• _WORK ITEM_:
Would you please repeat, word for word, only the lines from the one holding "傍の寒暖計は11°Cを示していた。" through the one holding "BluesHaus at its best!" in the material below, without the pictures?

• _DATA RECORDS_:
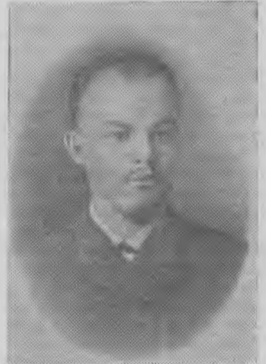
В. И. Ленин в студенческие годы. Самара 1890 г.

дом накопления сил для дальнейшей борьбы. В августе 1893 года Владимир Ильич переезжает в Петербург — крупный промышленный центр, где были сосредоточены большие массы пролетариата.
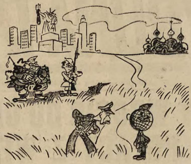
GENERAL MARSHALL: Na prawo patrz! Hergot, nie wiecie gdzie macie prawa rękę?
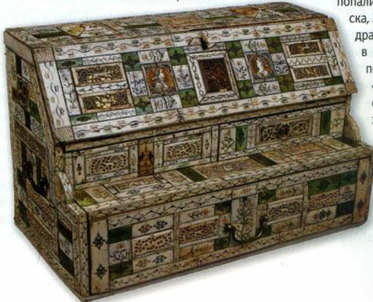
Ларец-туалет. Вторая половина XVIII в. Архангельская губ., с. Холмогоры. Кость, резьба ажурная, рельефная, цветная гравировка, оклейная работа.

31 августа 1912 года, во время празднования 100-летия победы в От- чественной войне 1812 года, музей посетил Николай II со своей семьёй. После осмотра он выразил согласие на наименование института «имени императора Николая II». Музей отны- не стал именоваться «Историко-этно- графический музей Императорского Московского Археологического инсти- тута имени императора Николая II, со- бранный княгиней М. К. Тенишевой в г. Смоленске».
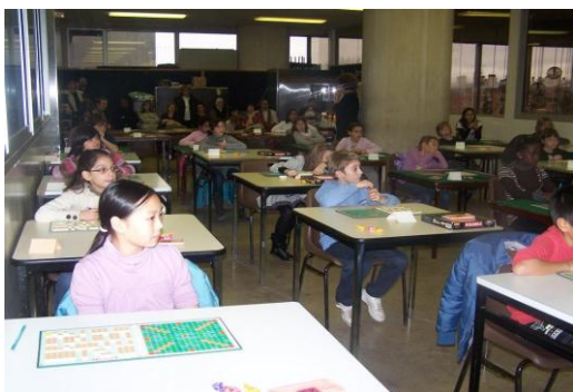
JOINVILLE, le 28 novembre 2009
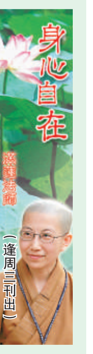
身心自在 (逢周三刊出)
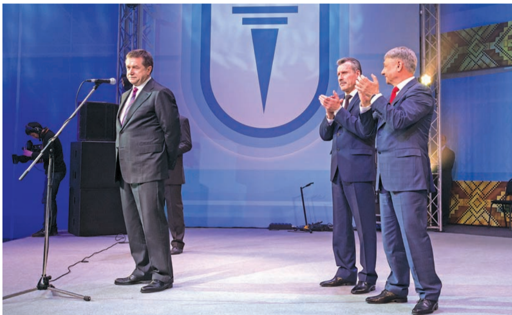
«Спартакиады воспитывают коллективы»

– Уфа остается центром притяжения России. Здесь прошли международные форумы ШОС и БРИКС, сейчас – Спартакиада. А в октябре мы будем проводить в Уфе фестиваль «Факел». Решение уже принято «Газпром». Нам снова доверяют большое массовое корпоративное газпромовское мероприятие. И я вам говорю не «прощайте», а «до скорой встречи!» – сказал он. – Я надеюсь, что нам удалось создать комфортную и добрую атмосферу, мы старались, чтобы
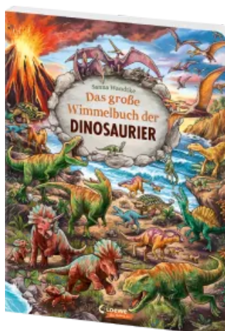
Das große Wimmelbuch der Dinosaurier Hardcover
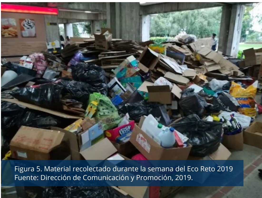
Figura 5. Material recolectado durante la semana del Eco Reto 2019
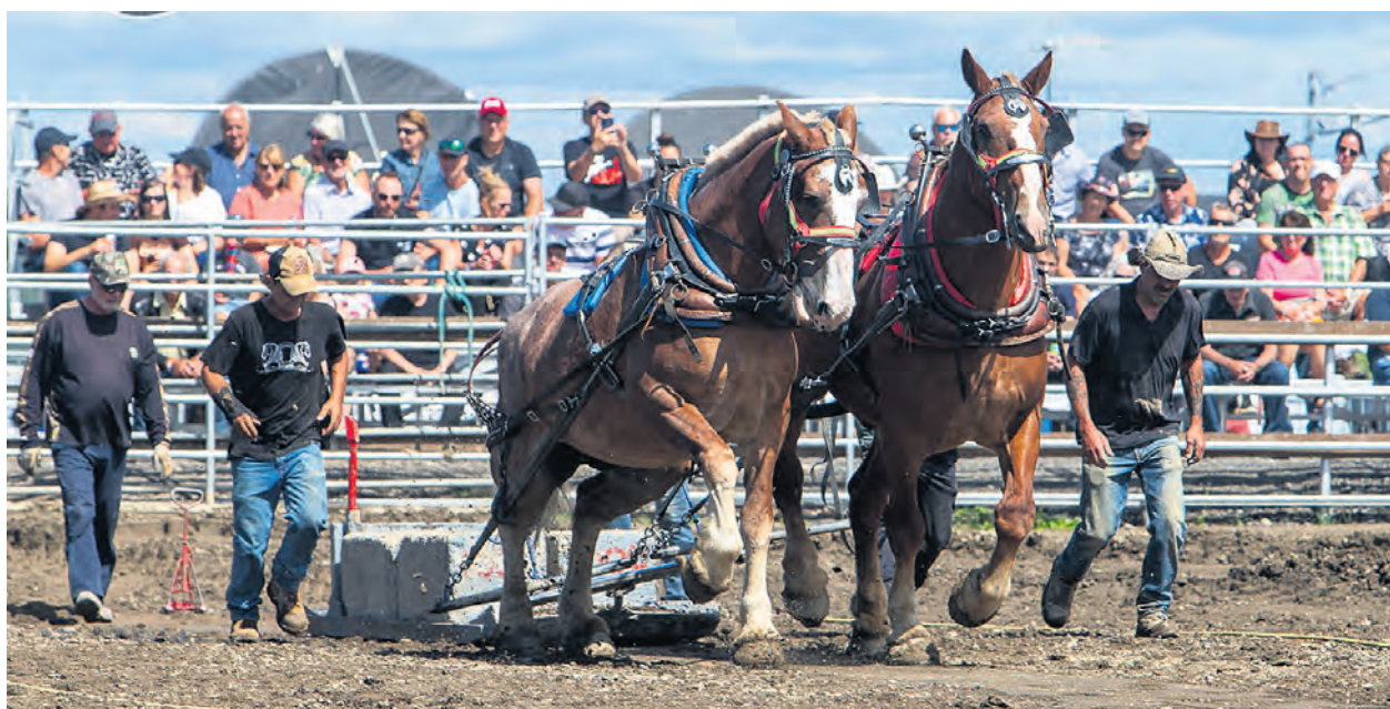
Photo Facebook - Festival Country Western De St-Gabriel-De-Rimouski - crédit: Alain Villatte Harfang Studio Multimedia

Pour l'occasion, le centre polyvalent deviendra la Countrythèque FLO 96,5 pour le plaisir de tous les amateurs de danse en ligne.
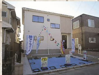
【1号棟現地外観・間取り】
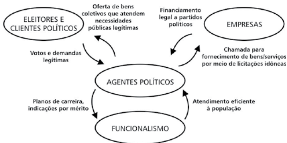
FIGURA 1: Círculo virtuoso de interações.

Os agentes políticos – em geral eleitos, mas que também podem ser doutrinariamente considerados o alto escalão dos poderes executivo e judiciário: secretários, ministros e magistrados graduados – interagem com as outras três entidades:
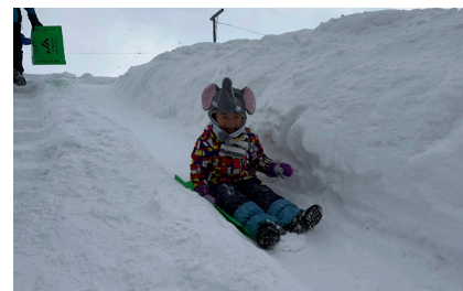
カンガルースクール 「雪あそび」
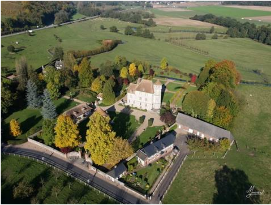
Marrant de jouer avec les ombres
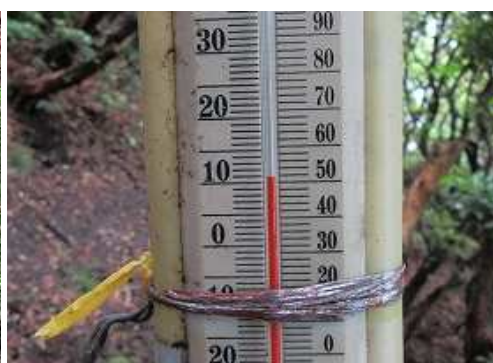
傍の寒暖計は11°Cを示していた。
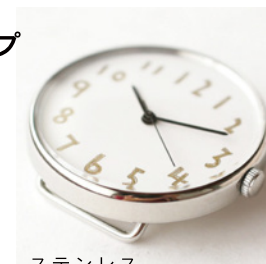
ステンレス 17,000 円
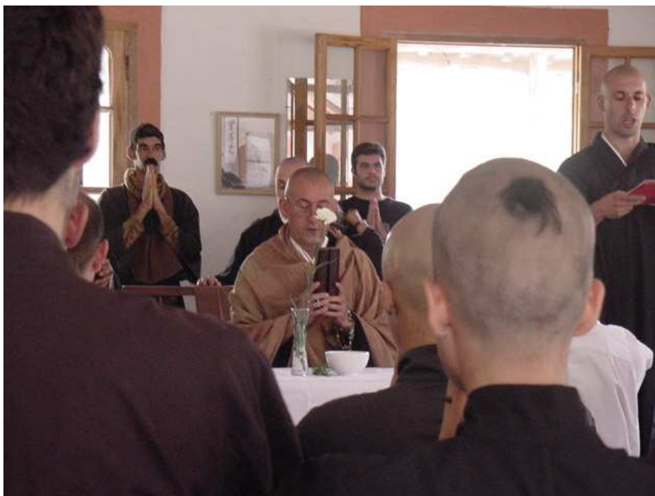
Ilustración 25. Maestro recitando los preceptos durante la ordenación.
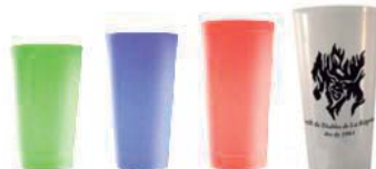
Pequeño 12 cl. Clásico 30 cl. Medium 40 cl. Extra 60 cl.
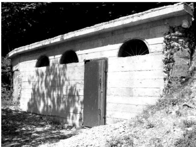
Фото 3. Відновлений залізобетонний медичний пункт у селі Колочава.
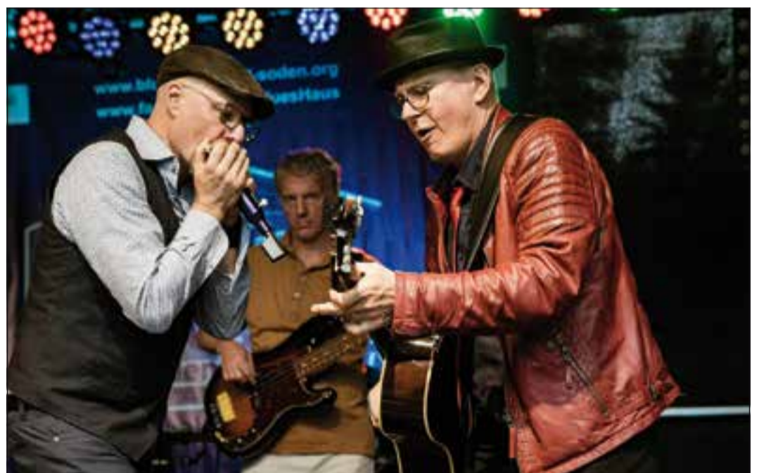
BluesHaus at its best!

Bad Soden (bs) – Das BluesHaus Bad Soden e.V. freut sich, die Bluesmusik wieder zurück auf die Bühnen seiner Heimatstadt zu bringen. Los ging es bereits am Donnerstag, den 24. Juni mit einer akustischen Open Air-Session am neuen festen Domizil des Vereins in der Kahlbachquelle (Kirchstraße 31, 65812 Bad Soden-Altenhain). Die Lokalität ist vielen auch als Gelände der TSG Altenhain 1900 e.V., mit der das BluesHaus zukünftig kooperiert, bekannt. Ab jetzt wird dort jeden Donnerstag zum Jam geladen. Alles unter dem Motto „everybody is welcome“ – sowohl auf als auch vor der vom BluesHaus neu errichteten Bühne und in den von beiden Vereinen neu gestalteten Räumlichkeiten. Es folgen eine Reihe von Konzerten im Rahmen des „Musiksommer am Medico Palais“, deren musikalische Gestaltung das BluesHaus
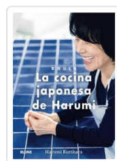
COCINA JAPONESA DE HARUMI, LA KURIHARA, HARUMI
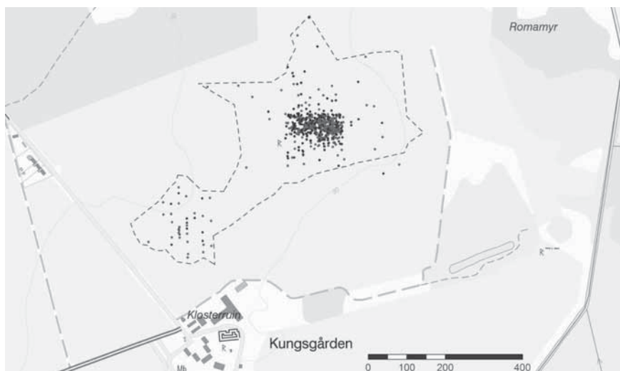
Figur 2a. Spridningen av vikingatida mynt och viktlojd i Guldäkern norr om Roma kungsgård. Ljuslila punkter är mynt och mörkblå viktlojd. Karta: Amanda Karn och Ny Björn Gustafsson.

Undersökningarna har förstärkt bilden av fornlämning RAÄ 85 men har också avslöjat en omfattande vikingatida verksamhet inom en sträcka av en dryg kilometer längs den forna insjöns strand öster om Kungsgården, bland annat inom den numera uppodlade Kräklinge Tingsängen. I dess norra del har någon form av gårdsbebyggelse varit belägen, både under äldre och yngre järnålder (RAÄ Roma 84:1/L1976:9608). Bebyggelsen ser ut att ha övergivits eller flyttats runt 1100.
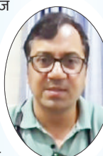
आयकर विभाग ने जो दस्तावेज मांगे वह दिखाए नहीं मिली विजय हॉस्पिटल में कोई खामियां

आंकड़ों में है, वहीं दर्शाए गए थे। सालभर की बात है। सभी मरीजों का ब्योरा दिया गया। आंकड़े बताए गए। हर तरह के दस्तावेज दिखाकर उन्हें संतुष्ट किया गया। किसी भी तरह की अनियमितताएं नहीं पाई गईं। हालांकि वह जानते हैं कि कुछ अफवाह फैल रही है लेकिन वह सरासर गलत है। अगर टीम अधिकारियों को कोई अनियमितताएं मिलती तो वह उसे जरूर आगे फारवर्ड करते या आगे अन्य एजेंसियों को भेजते। लेकिन ऐसा नहीं हुआ। उसके बाद ही कुंज नहीं मिला। उसके बाद टीम यहां से गई है। जो हमारे पास बैट उपलब्ध है, उन्हीं के डाटा
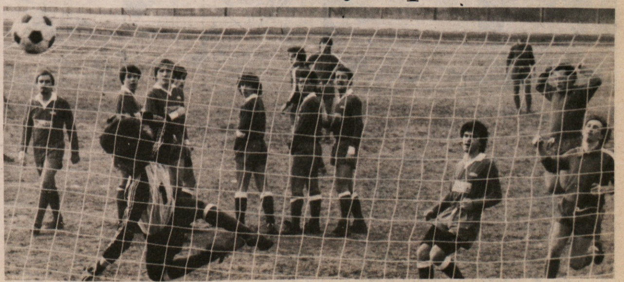
Eua redkih priložnosti Bazovcev za gol med tekmo Zarja - Domio v Dolini

• _ANSWER TO THE EXERCISE_:
傍の寒暖計は11°Cを示していた。
ステンレス 17,000 円
Ilustración 25. Maestro recitando los preceptos durante la ordenación.
Pequeño 12 cl. Clásico 30 cl. Medium 40 cl. Extra 60 cl.
Фото 3. Відновлений залізобетонний медичний пункт у селі Колочава.
BluesHaus at its best!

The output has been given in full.